Como podem controlar os diabéticos, os distúrbios oral
Mas há sinais que podem alertar para a presença de problemas na boca, como sangramento de gengivas ou gengivas vermelhas, inchadas e sensíveis, pus entre os dentes e as gengivas, mau hálito, dentes móveis ou mudanças na renda das peças dentais ao morder, o melhor é sempre prevenir o aparecimento de qualquer doença.
Assim, as pessoas com diabetes podem evitar sofrer estes problemas com uma série de medidas, principalmente de higiene oral. Para manter os diabéticos têm uma boca em perfeito estado, o Instituto Nacional de Pesquisa Dentária e Craniofacial dos Estados Unidos aconselha:
Controlar o nível de glicose no sangue.
Escovar os dentes e usar fio dental diariamente, com a ajuda também de escovas interdentais.

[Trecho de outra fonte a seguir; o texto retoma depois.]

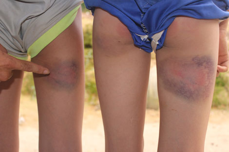 Cùng chung sự phản ánh này, các phụ huynh của cả 5 em học sinh còn lại cung cấp thêm: Sau khi kiểm tra thì phát hiện các cháu bị chấn thương, bầm tím ở phần mông và đùi. Một số cháu đi lại trong trạng thái khập khiễng.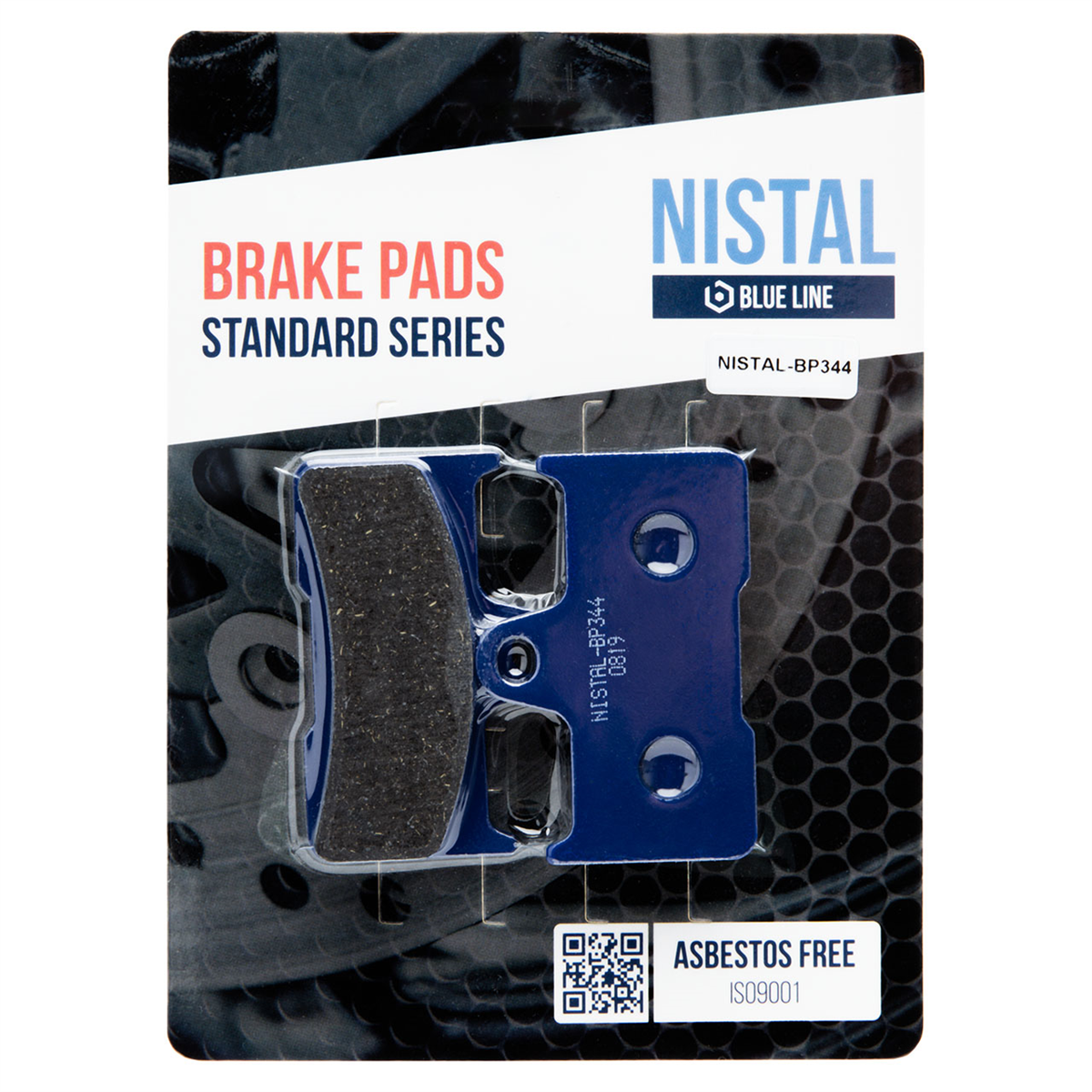 Klocki hamulcowe marki NISTAL to bezpieczny i trwały produkt posiadający doskonały stosunek jakości do ceny. Okładzina to organiczny materiał cierny wzbogacony dodatkami poprawiającymi hamowanie. Klocki z niebieskiej serii BLUE LINE dzięki zawartości 20% miedzi, zapewniają dobre odprowadzanie ciepła, nie szarpią i nie piszczą podczas hamowania. Zapewniają łagodne zużywanie się tarczy. Sprawdzą się również w cięższych motocyklach do rekreacyjnej jazdy. Wytwarzane zgodnie z certyfikatami: ISO 9001:2008, ISO 14001:2004, OHSAS 18001:2007.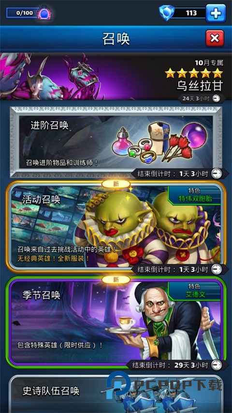 这里可以看到有几个不同的抽取方式,有最直接的epic hero summon,我们会在这里随机抽取大众英雄(因为部分特殊英雄不在这个英雄池中),所抽取的英雄为3-5星。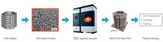 V4E的EBM AM工艺的加工路线从CAD模型,粉末和GE Additive EBM系统开始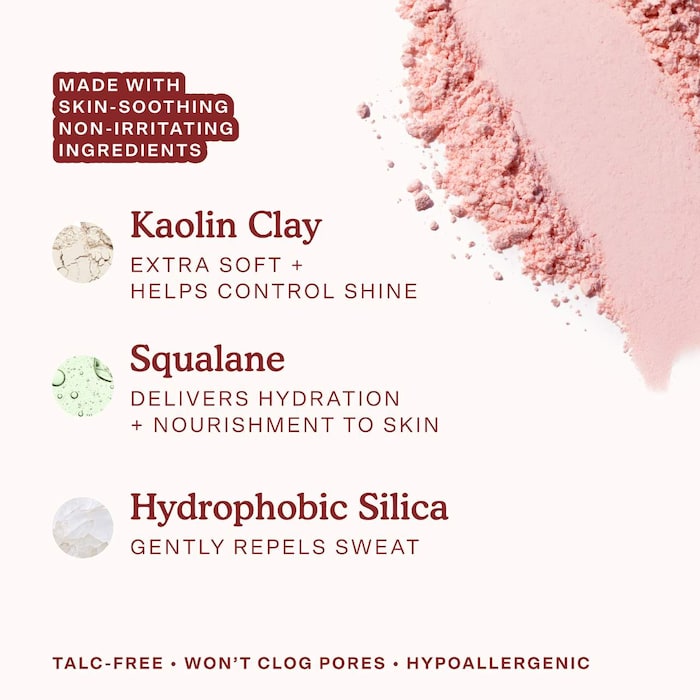 Un polvo fijador sin talco, seguro para pieles sensibles, que difumina y suaviza la piel y hace que cualquier base sea resistente a la transferencia y al sudor.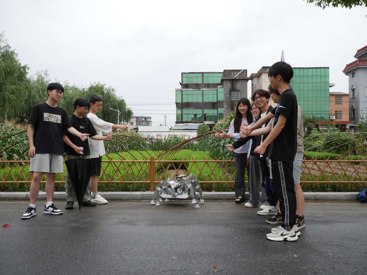 “數(shù)字定制,輔推效能”實踐團成員與“九眼智蛛”足式農(nóng)業(yè)套種機器人合影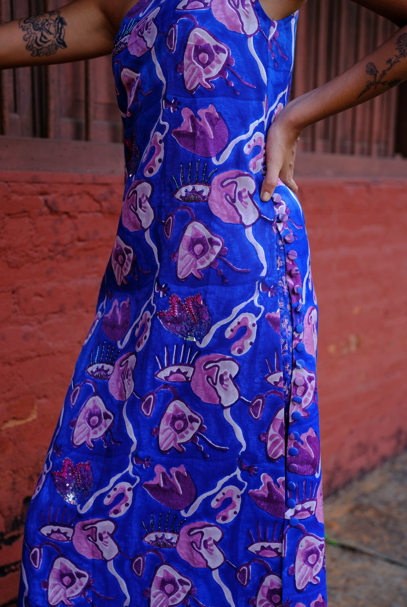 5.5 meters of Mashru silk sourced from Gujarat has been used for this piece. Hand-block printed in Jaipur. Hand embroidered and manufactured at a workshop in Pune, India. This product is crafted in Jaipur, India using the traditional artisan technique of hand-block printing, and is hand embroidered by our skilled artisans in Pune. Subtle variations in patterns are natural to this process.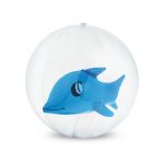 Bola insuflável em PVC transparente com boneco insuflável no interior.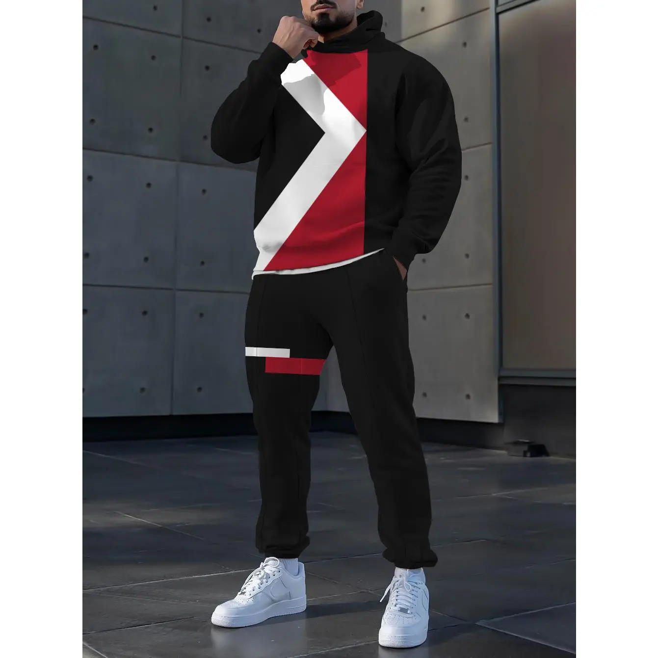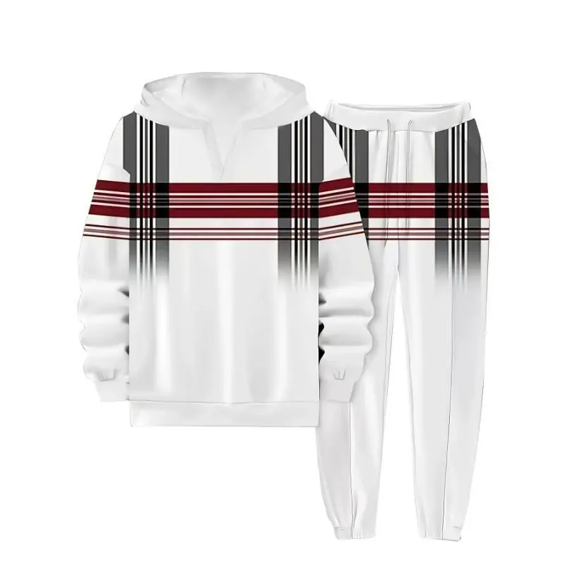 2-piece Men's Casual Suit 3D Digital Printing Hoodie Suit Long-sleeved Sweatshirt + Pants Suit Men's Sports Suit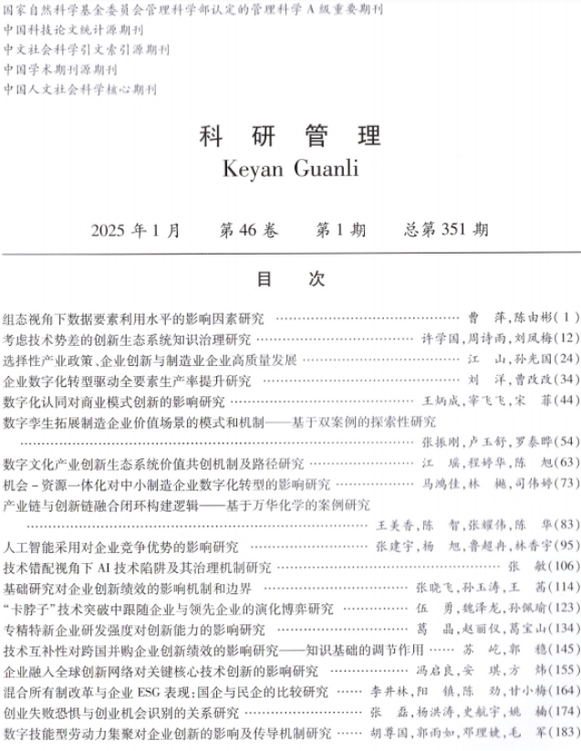 近日,环亚在线官网经济管理学院王炳成教授团队在《科研管理》发表题为“数字化认同对商业模式创新的影响研究”的文章。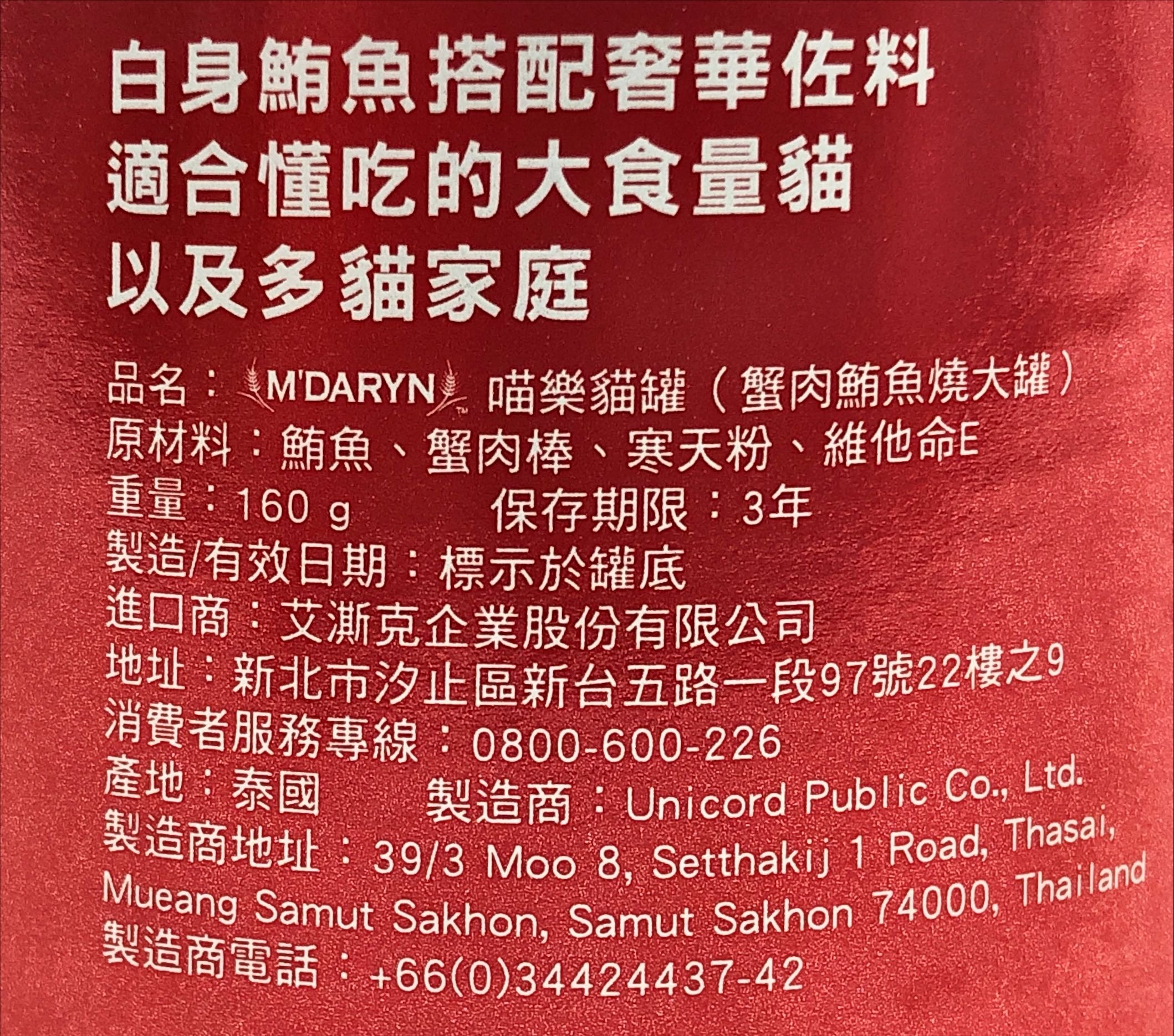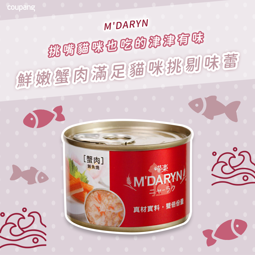 為您的愛貓提供美味又營養的[箱裝] M'DARYN 喵樂 鮪魚燒大罐 蟹肉!這款濕糧採用特選鮪魚搭配鮮美蟹肉,提供豐富的蛋白質和必需營養素,讓您的貓咪健康有活力。每罐160克的份量,一箱24罐的包裝,適合多貓家庭或食量較大的貓咪。喵樂濕糧不僅美味可口,還能幫助貓咪補充水分,維持泌尿系統健康。給您的愛貓最好的,就選M'DARYN 喵樂鮪魚燒蟹肉口味!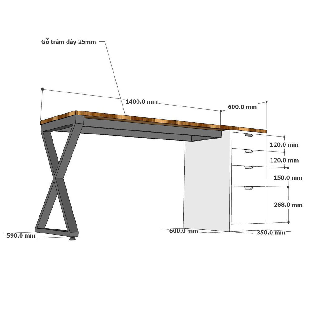 - Kích thước: 140x60x75cm ( Dài x Rộng x Cao )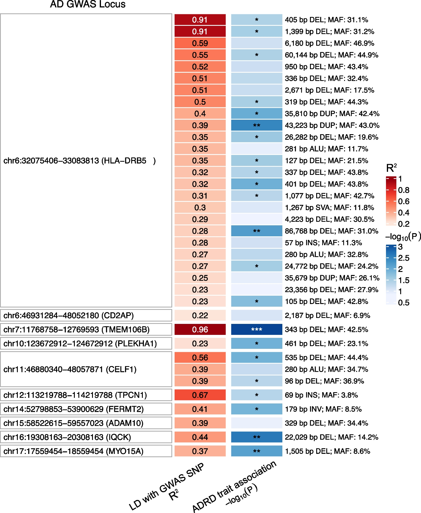 PheWAS of predicted GOF and LOF variantsWe conducted phenome-wide association studies (PheWAS) using predicted GOF and LOF missense variants in the BioMe BioBank cohort, comprising 29,477 individuals, which revealed several significant associations (Fig. 5). We compared some of the identified associations with those previously documented for known effects and predicted neutral variants, wherever possible (Additional file 1: Table S9). In summary, we observed a predicted LOF variant in the HBB gene, p.Glu7Lys (rs33930165), demonstrating associations with hereditary hemolytic anemias and sickle cell anemia (phecodes = 282 and 282.5, odds ratios [OR] = 5.63 and 6.59, P = 1.26 × 10−13 and 2.8 × 10−11). Similarly, another predicted LOF variant in HBB, p.Glu27Lys (rs33950507), showed an association with hereditary hemolytic anemias (OR = 14.8, P = 2.51 × 10−5). Notably, a previously identified LOF variant in the same gene, p.Glu7Val (rs334), exhibited significant associations with the same phenotypes, with an OR of 16.4 and a P value of 9.15 × 10−103 for hereditary hemolytic anemias and an OR of 116 with a P value of 2.04 × 10–68 for sickle cell disease. Importantly, LD analysis indicated that these three variants were independent of each other. In contrast, a predicted neutral variant, p.Ala111Pro (rs10768683), was found to be associated with a reduced risk of sickle cell anemia (OR = 0.38, P = 1.2 × 10–4).

Ir regularmente ao dentista a cada seis meses-, indicando, sempre que têm diabetes.
Deixar de fumar, pois o tabaco afeta de forma muito negativa as gengivas.
Ser inspecionados periodicamente a boca e com o menor indício de qualquer problema, ir ao especialista.
No caso de usar dentadura ou prótese, há que tirá-los e limpá-las diariamente. Deve-se também verificar que se encaixam bem, sem provocar atritos ou feridas.
Com tudo isso, as pessoas com diabetes podem reduzir o risco de sofrer determinadas patologias na cavidade oral.